医院消毒水的味道总让我想起十七岁那年的春天。不是浓烈刺鼻的那种,是淡淡的,混杂着窗外潮湿的泥土气,像一场迟迟不肯放晴的雨,把整个高三的下半学期都泡得有些发软。
起因只是一场重感冒,后来又说是肺炎。我就这样被按下了暂停键,从那个争分夺秒、试卷翻飞的世界里,被单独拎了出来。起初是焦躁,觉得天都塌了,掰着手指头算落下了多少功课,梦见考场上的钟表疯跑,自己却一笔也写不出来。病房的墙壁白得晃眼,时间在这里变成了点滴瓶里缓慢下坠的水珠,一滴,又一滴。

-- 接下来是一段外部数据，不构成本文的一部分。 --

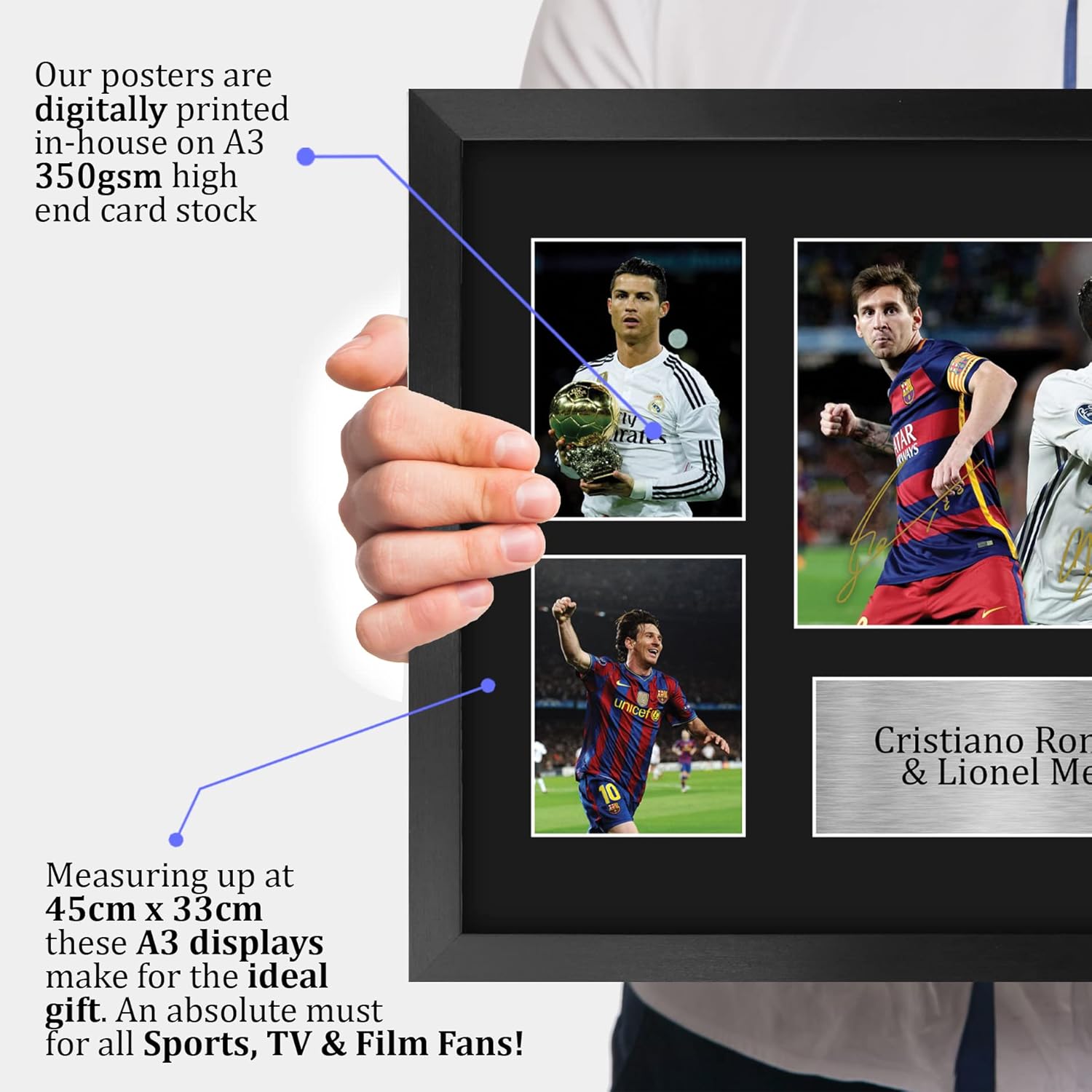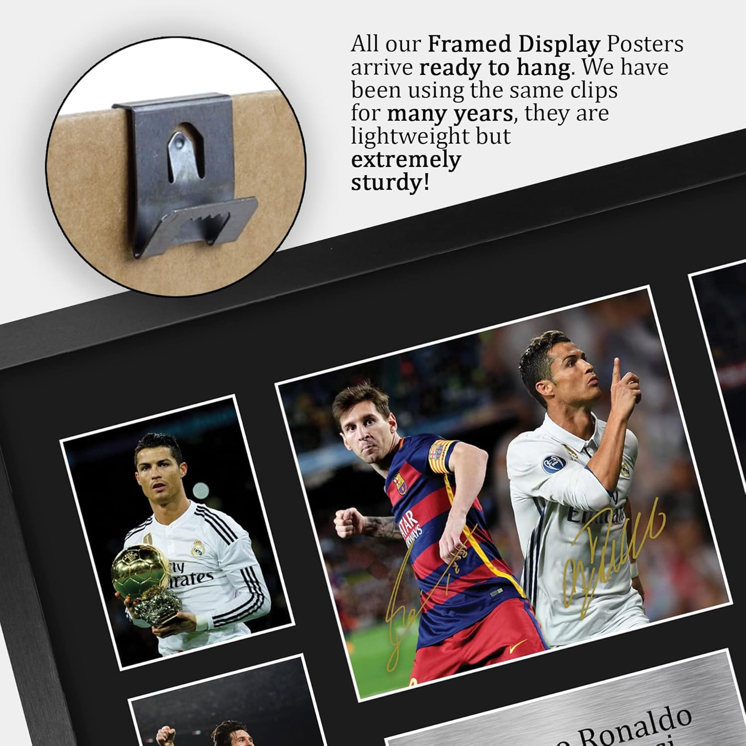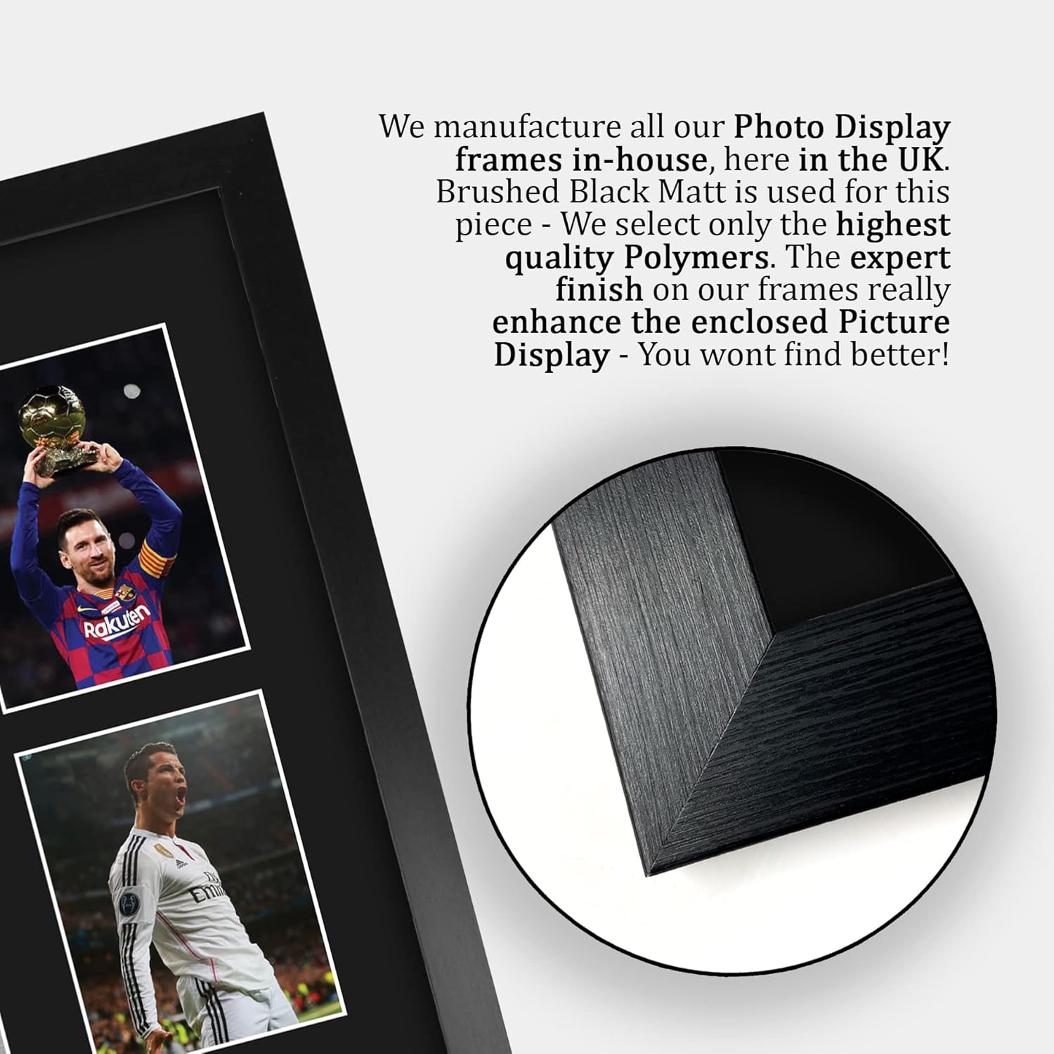 Professionally made in our studio, this 16 x 12 inch (A3) framed Cristiano Ronaldo & Lionel Messi display makes for an ideal gift idea. This laser printed quality photograph is mounted in a precision cut six windowed acid-free matt black display board. To the left and right of the display there are four classic images. To the centre of the display a main focal image taking pride of place with printed signature overlay. Below this is a metallic effect plaque area with the name and career information. This item comes framed in a sleek black polycarbonate frame that compliments the matt mount display and a clear perspex front to keep it dust free and clean. Lightweight, but of the highest quality, these make the ideal Christmas/Birthday gift for fans of all ages, and best of all, it definitely won’t break the bank!

同病房有个老爷爷,总是在午后听收音机里的评书。沙沙的电波声混着说书人抑扬顿挫的语调,成了那段时间最安稳的背景音。我不再看表,开始注意到一些无关紧要的事:阳光在几点钟会爬到我的被角;护士站那株绿萝又抽出了一片蜷曲的新叶;母亲削苹果时,果皮能拉出多长不断。世界仿佛被调成了0.5倍速,那些曾被“效率”和“目标”碾压过去的细微声响与画面,此刻清晰地浮现出来。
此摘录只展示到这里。